Different folks, different strokes : becoming and being a stroke family during the first six months post-stroke
Citation:Fischer, R. (2013) Different folks, different strokes : becoming and being a stroke family during the first six months post-stroke. Unpublished thesis submitted in partial fulfilment of the requirements for the degree of Master of Osteopathy.
Permanent link to Research Bank record:http://hdl.handle.net/10652/2505
Aim: To explore the lived-experience of becoming and being a stroke family during the first six months post-stroke event.
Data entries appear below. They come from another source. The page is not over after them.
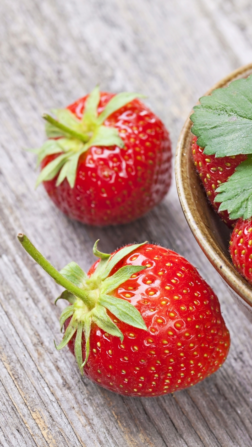 Edytor tapety: Dwie truskawki obok miski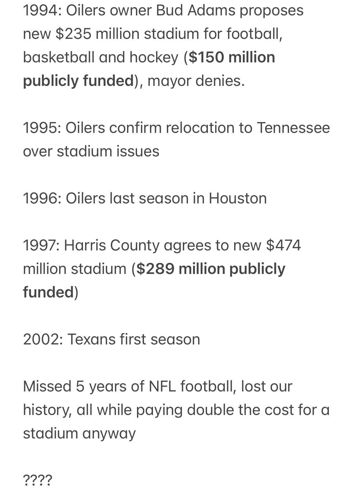 Never forget that if you were a Harris County taxpayer any time until 2014, you were still paying for Bud Adams’ Astrodome “upgrades” from *1988*. Fuck Adams and the oilers and everything that organization stands for.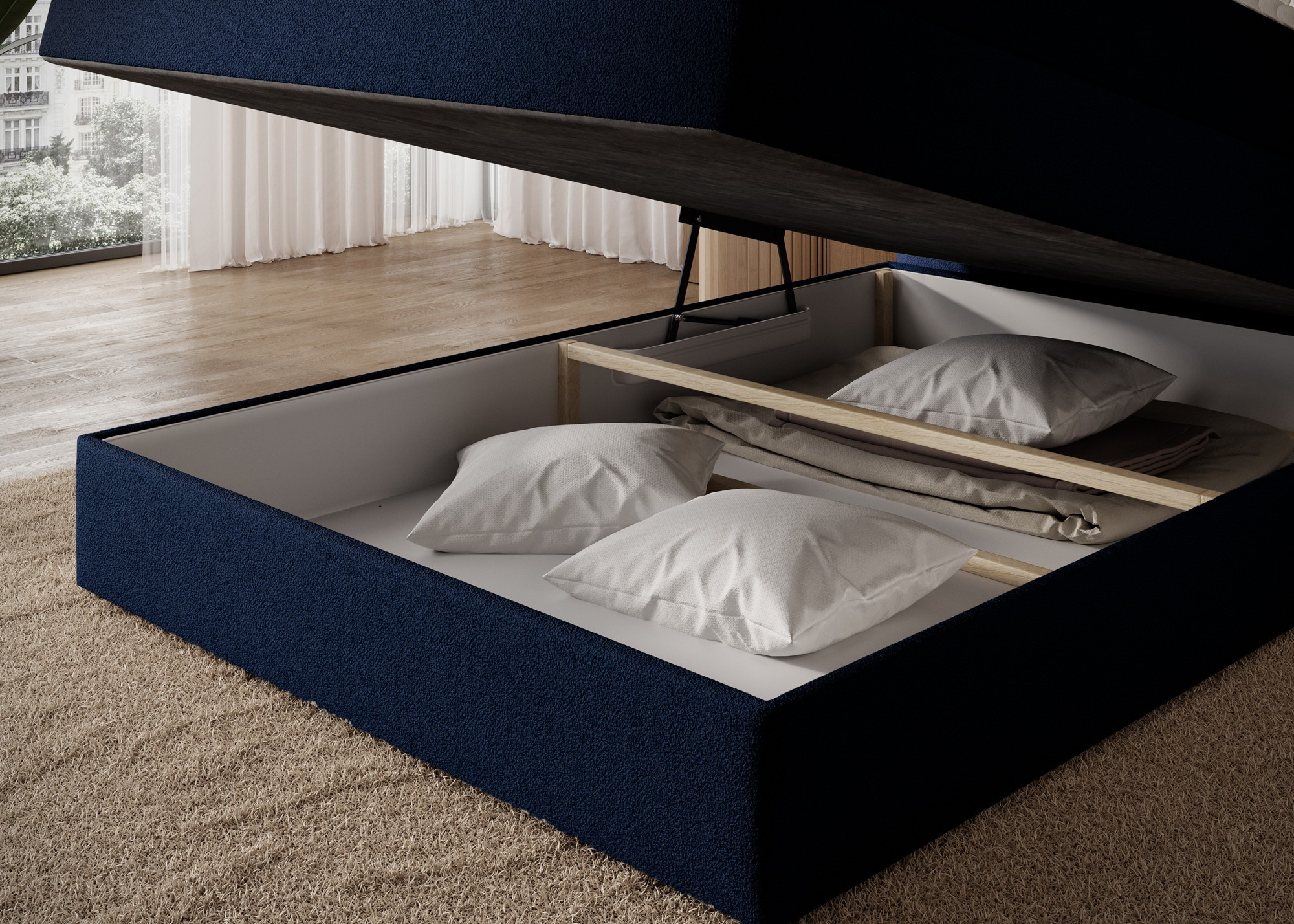 Kontinentální postel Kasped je moderní a funkční volbou pro každou ložnici, dostupná ve dvou velikostech: 215x121x108 cm a 215x141x108 cm, což umožňuje snadné přizpůsobení individuálním potřebám a rozměrům místnosti. Konstrukce postele je založena na pevném rámu vyrobeném z masivního dřeva a dřevotřísky, což zajišťuje dlouhotrvající stabilitu a odolnost. V srdci designu se nachází bonellová pružinová matrace, trvale připevněná k rámu, která poskytuje spolehlivou oporu těla a podporuje správnou cirkulaci vzduchu pro zdravý a ergonomický spánek. Navíc postel obsahuje dvě vrstvy vysoce kvalitní pěny – pěnu T2130 a pěnu T2540 – které v kombinaci s bonellovou pružinovou jednotkou zvyšují flexibilitu, pohodlí a přizpůsobení se konturám těla, což podporuje klidný a regenerační spánek. Celá struktura je definována čistými liniemi a moderní estetikou, doplněná černými nohami nábytku z odolného plastu, které přidávají vizuální lehkost a zároveň zajišťují konstrukční integritu. Vysoce praktickou funkcí je vestavěný úložný prostor na ložní prádlo, který poskytuje pohodlné místo pro uložení přikrývek, polštářů nebo jiných textilií, což pomáhá udržet ložnici čistou a uspořádanou. Postel Kasped kombinuje prvotřídní řemeslné zpracování, moderní design a každodenní funkčnost, což z ní činí ideální volbu jak pro moderní, tak i pro klasičtější interiérová uspořádání.

Background: The consequences of a stroke are far reaching and affect the whole family. Research has been limited with its exploration into the effects of stroke on family members beyond the primary caregiver. It is important to understand the wider family’s experience of stroke because the whole family is involved in caring for the stroke survivor, either through supporting the primary caregiver, or sharing in the caregiving tasks. This study explores the lived-experience of two different families during the first six months post-stroke. Design: Exploratory qualitative study using hermeneutic phenomenology. Methods: Purposive sampling recruited two different families each with two participants. Interviews were conducted at three time intervals: six weeks post-stroke, three months post-stroke and six months post-stroke. Data were collected between October 2011 and April 2012. Findings: The lived-experience of both families varied in the effects from the stroke event and challenges that each family faced. An over-arching theme of ‘Different Folks: Different Strokes’ was identified with three sub-themes: 1) Losing a life once lived. 2) Navigating an unfamiliar path. 3) Creating a sense of normal. Conclusions: The data revealed that the journey to becoming and being a stroke family is complicated and brought different losses and challenges to the two families. One family felt supported into post-stroke life by positive interactions with healthcare professionals and family strength; whereas the other family felt unsupported by healthcare professionals and experienced family strain. Both families then tried to create a sense of normal in their lives once again with varying degrees of success.